Problem:
Please return the full listing word for word, leaving out any pictures.

Source material:
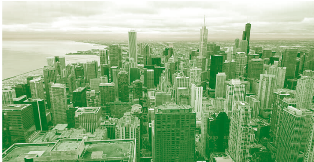
Le loop Chicago

Nous l'avons suivi sur les routes de cette ville à grande échelle avant de retourner en France, nourris et encore rêveurs de ce voyage.
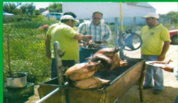
25 de Abril - Almoço C. Social Santana
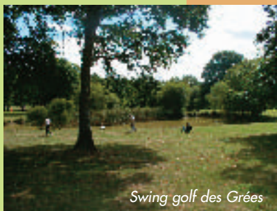
Swing golf des Grées

Le Swing golf des Grées à Rougé. Parcours 10 trous aménagé à l'anglaise dans un cadre préservé. Location de VTT, tir à l'arc et paint-ball pour les groupes. Café jardin et chambres d'hôtes.
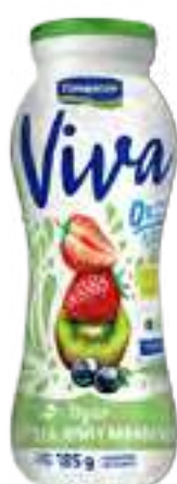
Viva Frutilla, Kiwi y Arándano Cont. Neto 185 grs
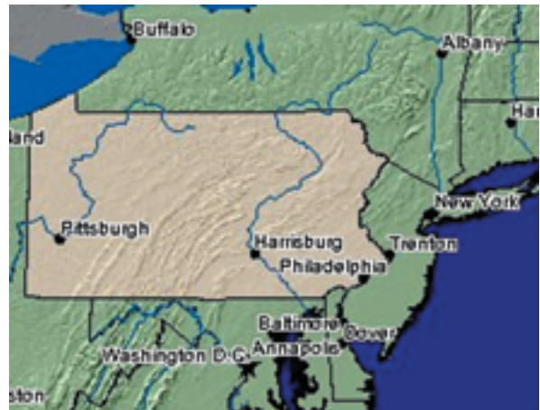
ペンシルバニア州・ピッツバーグ地図
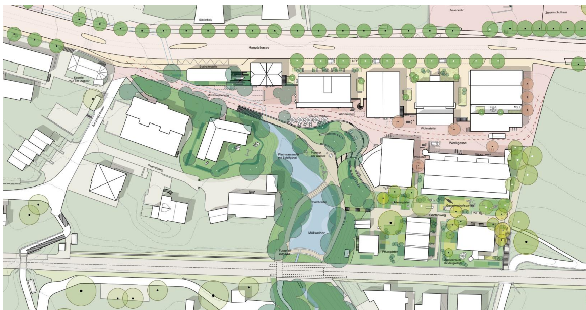
Abbildung 1: Übersicht Überbauung Mühleweiher

Für die weitere Planung soll mit dem vorliegenden Fachgutachten die Retention bereits im Bebauungsplan berücksichtigt werden.
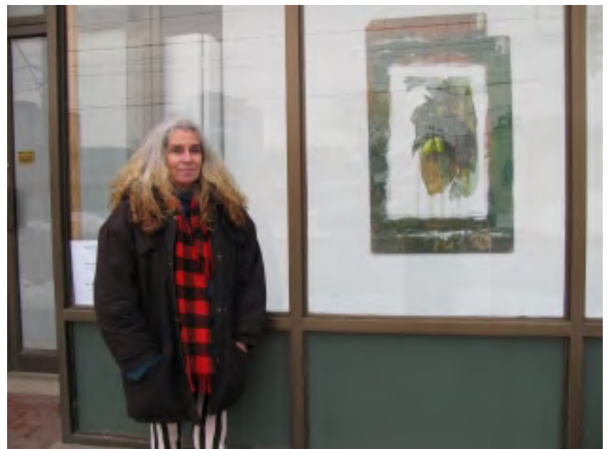
Malířka s obrazem

Howard Park Institute Window Gallery 2088 Dundas St. West, Toronto do 28.února 2011

Problem solution:
Le loop Chicago

Nous l'avons suivi sur les routes de cette ville à grande échelle avant de retourner en France, nourris et encore rêveurs de ce voyage.
25 de Abril - Almoço C. Social Santana
Swing golf des Grées

Le Swing golf des Grées à Rougé. Parcours 10 trous aménagé à l'anglaise dans un cadre préservé. Location de VTT, tir à l'arc et paint-ball pour les groupes. Café jardin et chambres d'hôtes.
Viva Frutilla, Kiwi y Arándano Cont. Neto 185 grs
ペンシルバニア州・ピッツバーグ地図
Abbildung 1: Übersicht Überbauung Mühleweiher

Für die weitere Planung soll mit dem vorliegenden Fachgutachten die Retention bereits im Bebauungsplan berücksichtigt werden.
Malířka s obrazem

Howard Park Institute Window Gallery 2088 Dundas St. West, Toronto do 28.února 2011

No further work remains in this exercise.